An exact copy of all the entries is needed, with no images in it.

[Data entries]
◆ ◆ ◆ ◆ ◆

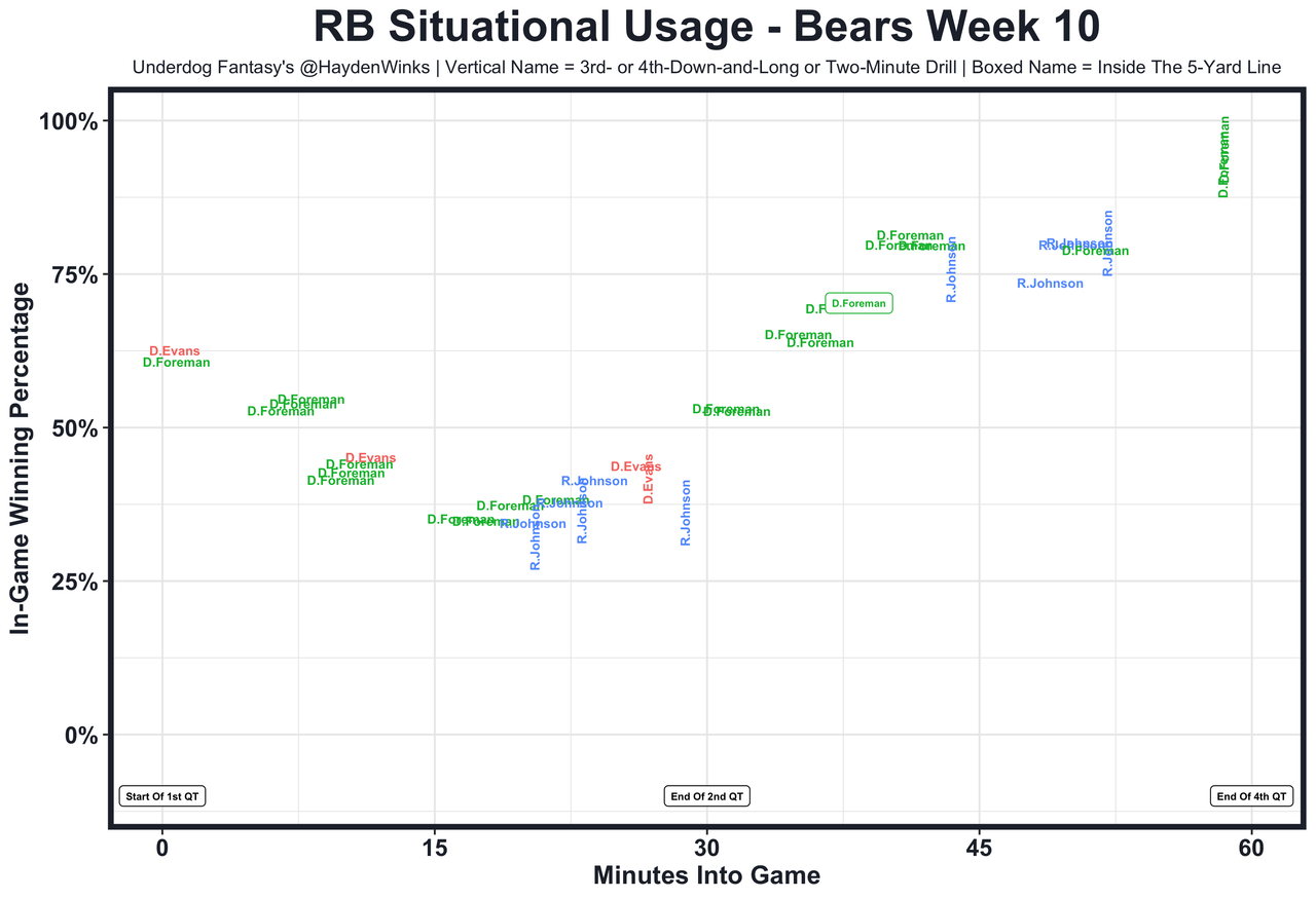 Khalil Herbert - Assuming he's healthy, Herbert and D'Onta Foreman (limited x3) will battle for early-down work while Roschon Johnson can mix in on passing downs. It's very likely to be a full-blown committee with unclear goal line odds, especially with the Lions ranking 2nd-best against fantasy RBs.
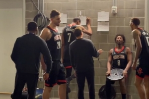 季后赛前上上强度!险胜勇士后 火箭在更衣室外加练 KD申京入镜
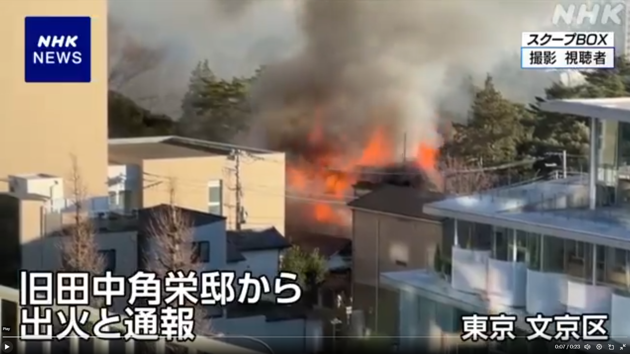日本東京都文京區目白台1丁目8日當地下午3時許發生火警,地點為前首相田中角榮舊宅邸「目白御殿」,火勢猛烈。消防人員已出動人力前往滅火,當局截至目前並未接獲有人受傷的消息。
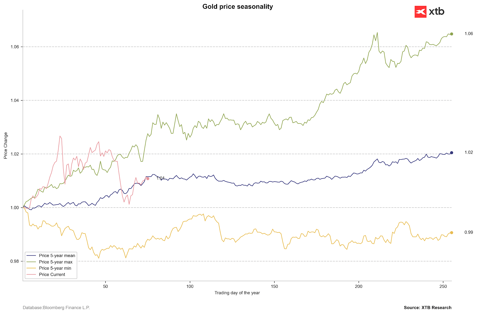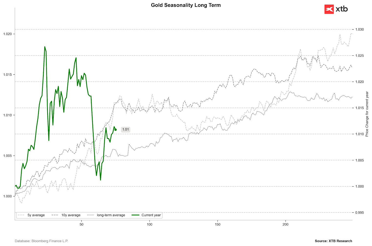 Vzhledem ke strukturálním změnám na trhu se zlatem během posledních osmnácti měsíců už sezónnost nemusí být rozhodujícím faktorem. Současná tržní nejistota však vybízí k opatrnosti. Historická data naznačují, že pohyb do strany obvykle trvá 100 až 120 obchodních seancí ročně. To znamená, že jasněji vymezený trend se nemusí objevit dříve než na konci května nebo v červnu.
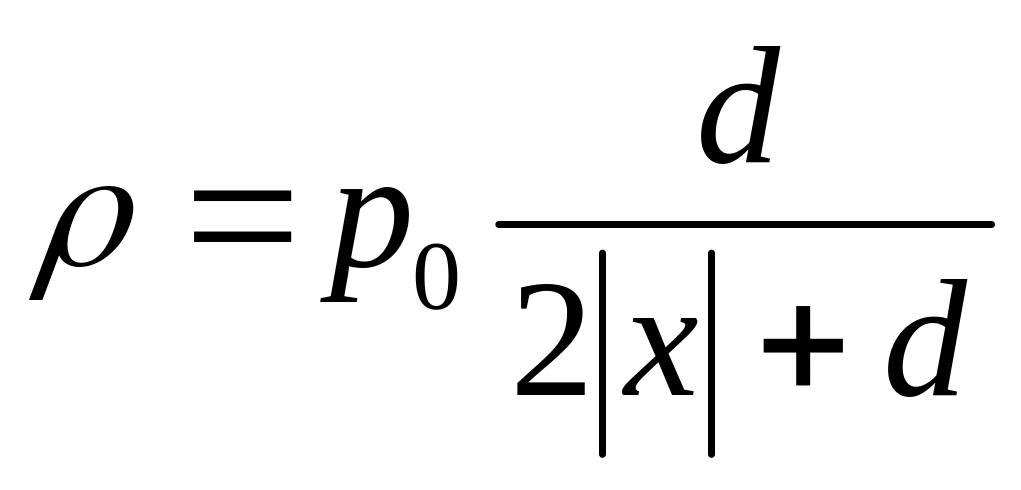 Большая плоская пластина толщиной d = 4 см имеет положительный заряд, равномерно распределенный по объему с объемной плотностью = 10 нКл/м3. Определите разность потенциалов между поверхностью и точкой, находящейся внутри пластины на расстоянии b = 1 см от поверхности. Постройте график зависимости напряженности от расстояния до центра пластины. |
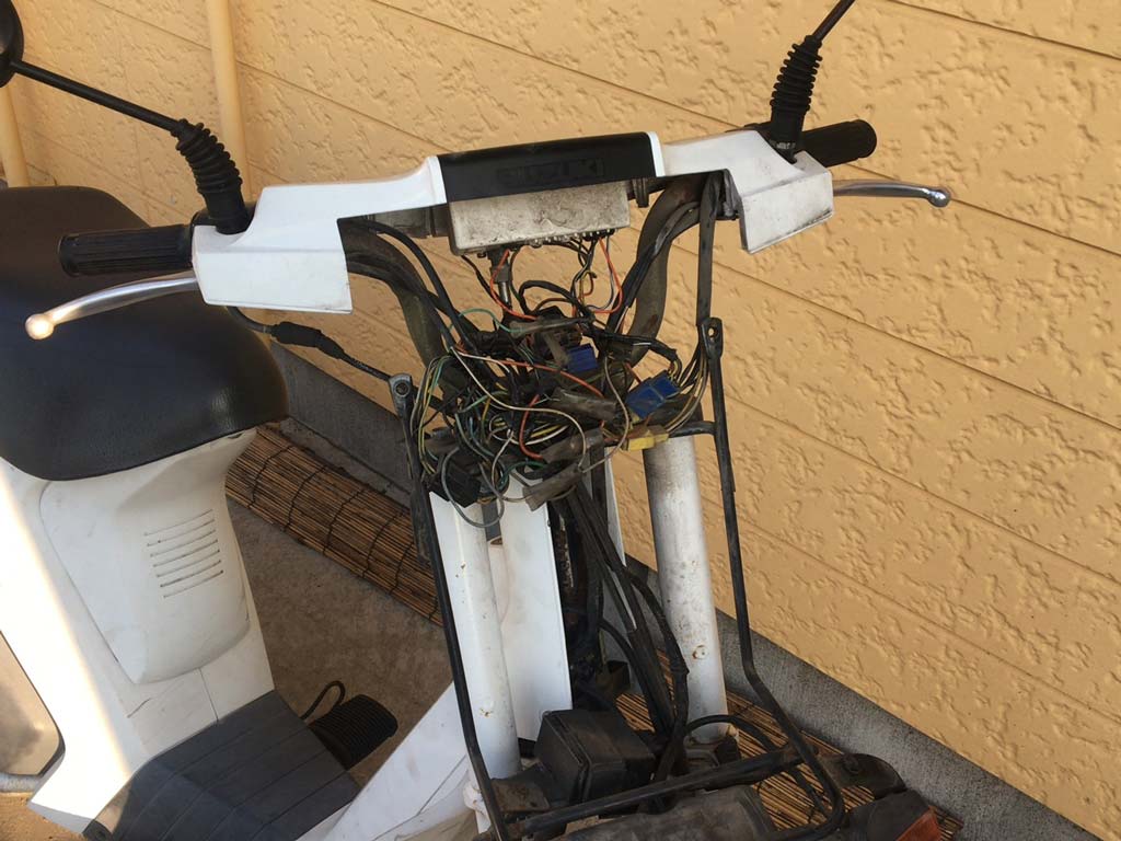 確かハーネスはアドレスV100のを使ってるって言ってたはずなので、そこからMolletのメーターに接続するために加工した跡があるのは判るのだけども、ひとつのランプでウィンカーとオイルの残量警告に反応するようにするっていう理屈が判らないので見なかったことにして組み直しておいた。
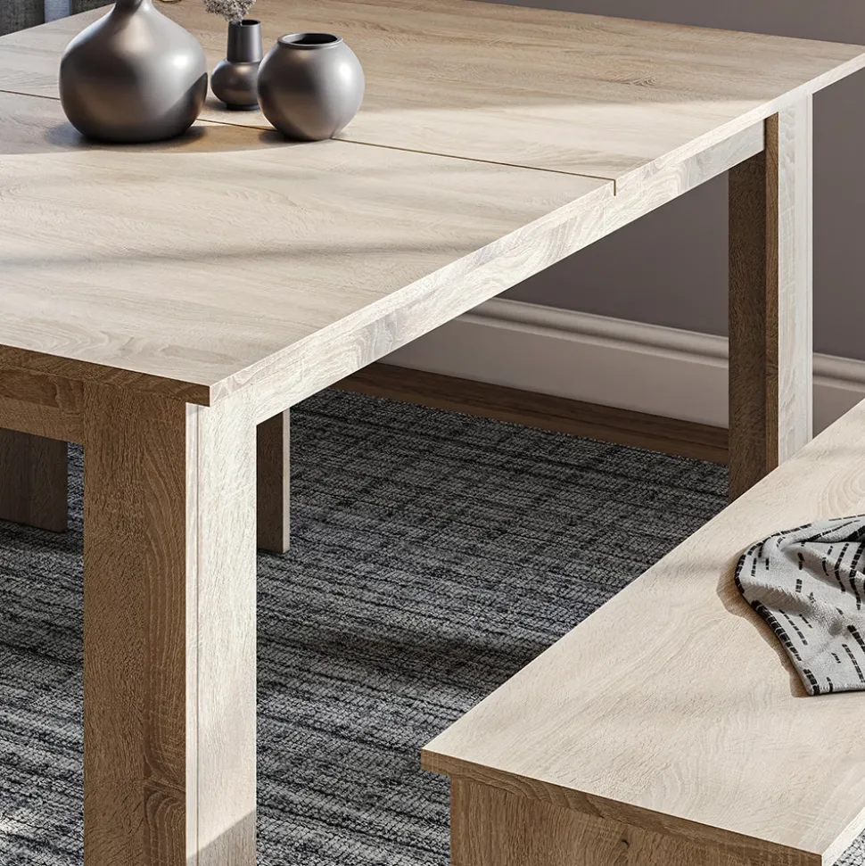 - LIEFERUMFANG: Esstisch Set, Montageanleitung, Montagematerial, 2x Bank (Dekoration nicht enthalten)

◆ ◆ ◆ ◆ ◆

* **Solution to this problem**:
 Khalil Herbert - Assuming he's healthy, Herbert and D'Onta Foreman (limited x3) will battle for early-down work while Roschon Johnson can mix in on passing downs. It's very likely to be a full-blown committee with unclear goal line odds, especially with the Lions ranking 2nd-best against fantasy RBs.
 季后赛前上上强度!险胜勇士后 火箭在更衣室外加练 KD申京入镜
日本東京都文京區目白台1丁目8日當地下午3時許發生火警,地點為前首相田中角榮舊宅邸「目白御殿」,火勢猛烈。消防人員已出動人力前往滅火,當局截至目前並未接獲有人受傷的消息。
 Vzhledem ke strukturálním změnám na trhu se zlatem během posledních osmnácti měsíců už sezónnost nemusí být rozhodujícím faktorem. Současná tržní nejistota však vybízí k opatrnosti. Historická data naznačují, že pohyb do strany obvykle trvá 100 až 120 obchodních seancí ročně. To znamená, že jasněji vymezený trend se nemusí objevit dříve než na konci května nebo v červnu.
 Большая плоская пластина толщиной d = 4 см имеет положительный заряд, равномерно распределенный по объему с объемной плотностью = 10 нКл/м3. Определите разность потенциалов между поверхностью и точкой, находящейся внутри пластины на расстоянии b = 1 см от поверхности. Постройте график зависимости напряженности от расстояния до центра пластины. |
 確かハーネスはアドレスV100のを使ってるって言ってたはずなので、そこからMolletのメーターに接続するために加工した跡があるのは判るのだけども、ひとつのランプでウィンカーとオイルの残量警告に反応するようにするっていう理屈が判らないので見なかったことにして組み直しておいた。
 - LIEFERUMFANG: Esstisch Set, Montageanleitung, Montagematerial, 2x Bank (Dekoration nicht enthalten)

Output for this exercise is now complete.